The thus-obtained compact was maintained at 200 to 400° C. for 2 to 10 hours, to thereby effect debindering. The thus-debindered compact was fired at 1,000 to 1,200° C. in a pressure-controlled reducing atmosphere (a pressure controlled to a reduction side from Ni/NO equilibrium oxygen partial pressure by order of 1 or greater) for 2 to 5 hours, to thereby form a piezoelectric layer.

On each surface of the formed piezoelectric layer, an Au electrode was formed through sputtering. Subsequently, the stacked body having the piezoelectric layer equipped with the electrodes was placed in silicone oil at 50° C. and subjected to polarization treatment by applying a DC voltage of 5 kV/mm, to thereby generate a voltage characteristic of the piezoelectric layer. Thus, a piezoelectric element was fabricated.

To a piezoelectric element (a piezoelectric layer) of each of the Examples and Comparative Examples, an electric field of 1 to 10 kV/mm was applied by means of a laser Doppler vibroemeter. A displacement S of the element in the vertical direction was measured at a measurement frequency of 100 Hz. The displacement S was divided by electric field E to calculate an S/E ratio at each electric field value. The S/E value at the maximum (Smax/Emax) was employed to assess a displacement characteristic (piezoelectric characteristic). Tables 1 to 4 show the results.

Insulation resistance (Ω·m) of a voltage element of each of the Examples and Comparative Examples was measured through the following procedure. Specifically, the piezoelectric element was placed in silicon oil at 150° C., and a DC voltage was applied to the element in silicon oil at 5 kV/mm for 1 minute. The insulation resistance (Ω·m) after application of the voltage was measured. Tables 1 to 4 show the results.

A voltage element (a piezoelectric layer) of each of the Examples and Comparative Examples was subjected to a compositional analysis of the primary phase through the following procedure by means of a scanning electron microscope-energy dispersive X-ray spectrometer (SEM-EDS). Specifically, the piezoelectric layer of the piezoelectric element was cut along the thickness direction, and the cut surface was polished. A photoimage of the polished surface was taken by an SEM at a magnification of 3,000. In the obtained photoimage, three crystal grains in the primary phase were selected at random, and the three crystal grains were subjected to element quantitation by means of an EDS. In the quantitation, the measurement probe diameter of electron beam was adjusted to about 1 μm. The thus-obtained element contents of the three crystal grains were averaged, to thereby determine the compositional proportions of the primary phase of each of the Examples and Comparative

Examples Tables 1 to 4 show the results. Notably, the symbol “-” in Tables 1 to 4 denotes a value lower than the detection limit of the apparatus.
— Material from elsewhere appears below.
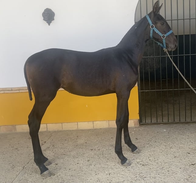 Zum Verkauf steht eine PRE-Stute – Dressur Pferd Außergewöhnliche Tochter von JAREÑO DE POVEDANO, einem REPRODUKTIONSSTÄNDIGEN Hengst mit hohem Potenzial im Dressursport. Zwei Jahre in Folge Bronzemedaille im Finale der Copa ANCCE im Grand Prix-Test. Enkelin von ENGAÑOSO VI, genetische Kategorie ELITE, und einer der besten Hengste, der Potenzial für die Dressur an seine Nachkommen weitergibt. Außerdem Nachkommin von SIMPÁTICO DE MILLAN III, dem jüngsten REPRODUKTIONSSTÄNDIGEN in der Geschichte Spaniens und einem der einflussreichsten Hengste der letzten Dekade, mit den meisten Nachkommen im Finale der PSCJ sowie bei der COPA ANCCE SICAB 2023 und 2024. Eine einzigartige Gelegenheit für Reitliebhaber! Zum Verkauf steht eine schöne PRE-Stute, geboren im Jahr 2024. **Eigenschaften:** - **Rasse:** Pura Raza Española (PRE) - **Geschlecht:** Stute - **Geburtsjahr:** 2024 - **Farbe:** Fuchs - **Stockmaß:** 168 cm - **Disziplin:** Dressur Diese Stute besticht durch ihre Eleganz und ihr Potenzial im Dressursport. Mit ihrem edlen Charakter und ausgeglichenem Temperament ist sie sowohl für erfahrene Reiter als auch für Einsteiger in diese Disziplin ideal. Für weitere Informationen und zur Vereinbarung eines Besichtigungstermins zögern Sie nicht, uns zu kontaktieren. Verpassen Sie nicht die Gelegenheit, diese beeindruckende Stute kennenzulernen!

The aforementioned polished surface of the voltage element (the piezoelectric layer) of each of Examples 12 and 45 to 48 and Comparative Examples 6 to 8 was observed under a scanning electron microscope (SEM) at a magnification of 3,000, and an image was taken. In the obtained SEM image (i.e., reflected electron image), a square (250 μm×250 μm) for measurement was placed. A plurality of crystal grains present in the measurement square were analyzed by image analysis software, to thereby determine a long-axis diameter and a short-axis diameter. In one crystal grain, the long-axis diameter and the short-axis diameter cross at right angle. The values of long-axis diameter and short-axis diameter are the maximum values along the corresponding axis. The average value of the long-axis diameter and short-axis diameter of the crystal grain was employed as a grain size of each crystal grain. The thus-obtained average grain size of the crystal grain falling within the aforementioned measurement range was employed as a mean grain size (μm) of crystal grains of the primary phase.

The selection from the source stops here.